Thursday, August 2, 2012

A Mathematical View of Track and Field World Records

A Mathematical View of Track and Field World Records | Inside Science: "A mathematician has developed a new model that can estimate which track and field world records are the most likely to be broken.

Brian Godsey, a graduate student in mathematics at the Vienna University of Technology in Austria, recently published a paper including computations of the likelihood of record-setting performances in 48 different men's and women's track and field events during this calendar year.

Godsey's paper did not directly address the likelihood of an athlete setting a track and field world record at the 2012 London Olympics, but his analysis suggests that viewers should keep a close watch on the men's 110-meter hurdles and three women's events, the 5,000-meter and 3000-meter steeplechase races, as wells as the  hammer throw. There is a 95 percent chance that the women's steeplechase record will be broken this year, Godsey wrote in the Journal of Quantitative Analysis in Sports.

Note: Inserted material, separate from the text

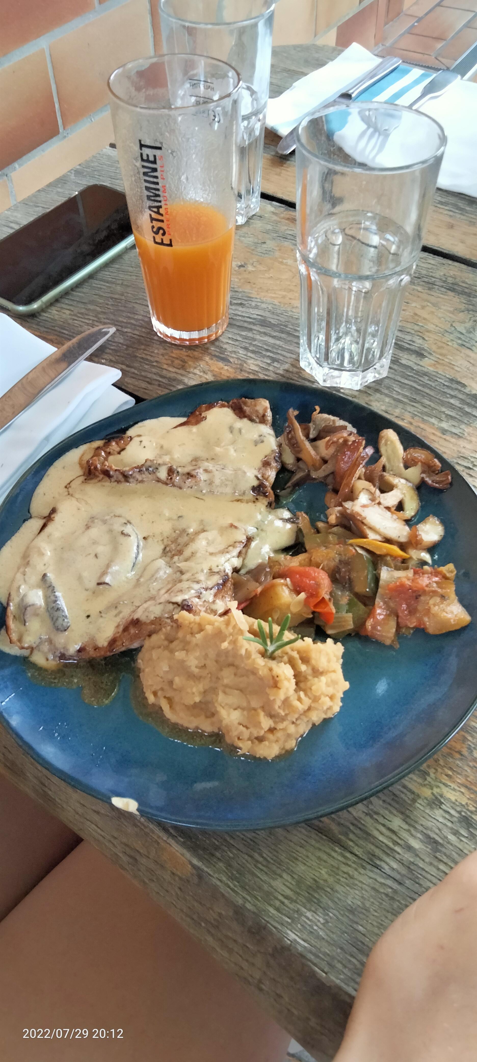 Très bon plat, dommage que je n'ai eu la possibilité de boire1/4 d'eau pétillante même pas une 1/2 c'était 2l où rien ...le service change.

Godsey gives competitors a better-than-10 percent chance of besting the world record in 22 events during this calendar year, 18 of which will be contested at the Olympics. Numerous records, however, seem far out of reach.

This year, no woman has come within 5 seconds of the 3:50.46 record for the 1500-meter run, set in 1993 by Qu Yunxia of China. Godsey predicted a less than one one-hundredth of a percent chance of the record falling in 2012. Most of the event's top historical times are from the 1980s and 1990s. That's also true for numerous other events. Performances from the 1980s currently hold the record in 13 of the events Godsey reviewed."